1. Introduction#
Before actually addressing the problem of resetting, it is useful to recall a few elements on the identification of parameters. Suppose we want to identify \(n\) parameters from a given mechanical test. In the context of this identification, the quantities are defined:
\(\mathrm{c}\), the vector of the \(n\) parameters to be identified, belonging to \(O\), closed convex of \({ℝ}^{n}\).
\(\mathrm{d}\), the vector of the quantities calculated during a simulation of the test using the parameters \(c\), as opposed to \({d}^{\text{exp}}\), the vector of the quantities measured during an experimental test. Both belong to space \(L\) of observable quantities. The simulation of the experimental test, parameterized by the vector \(c\), can be carried out by various methods: finite differences, finite elements, border elements,… This is what we will call the direct problem.

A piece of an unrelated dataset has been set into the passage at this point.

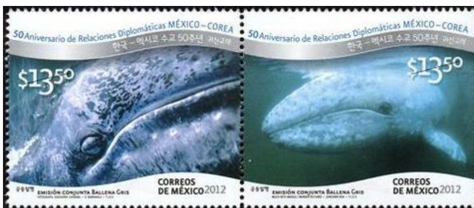
*MÉXICO- 26.01.2012, Emissão conjunta México-Coréia – Baleias gris (2 x $13.50).

The aim of the identification is to determine the set of parameters \(c\) reducing the difference between measured and experimental quantities (strongly hoping that the reduction of this difference is sufficient to obtain the desired set of parameters…). We therefore introduce a functional cost noted \(J\) depending on \(c\) and measuring the distance between \(d\) and \({d}^{\text{exp}}\).

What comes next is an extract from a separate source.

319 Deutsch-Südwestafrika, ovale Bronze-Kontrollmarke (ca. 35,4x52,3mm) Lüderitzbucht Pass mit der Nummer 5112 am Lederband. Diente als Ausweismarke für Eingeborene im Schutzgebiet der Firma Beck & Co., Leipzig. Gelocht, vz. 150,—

\(J(c)=\parallel d-{d}^{\text{exp}}\parallel\) eq 1-1
where \(\parallel \mathrm{.}\parallel\) refers to a standard over \(L\).
Identification is therefore expressed in the form of the following minimization problem:
Determine \({c}^{\text{*}}\in O\) such as \(J({c}^{\text{*}})=\underset{c\in O}{\text{Min}}J(c)\)
Finally, realignment is defined as the minimization of a particular type of functional function called « least squares » which are expressed in the form:
\(J(c)=\sum _{n=1}^{N}{j}_{n}^{2}(c)\) eq 1-2
where \({j}_{n}(c)\) represents the \(n\) component of the difference between the vector of calculated and experimental quantities.
It is commonly accepted that among deterministic minimization algorithms, the most effective for this type of functional is the Levenberg-Marquardt algorithm. It is the latter that was historically the first to be implemented in the command MACR_RECAL of Code_Aster and that we present below.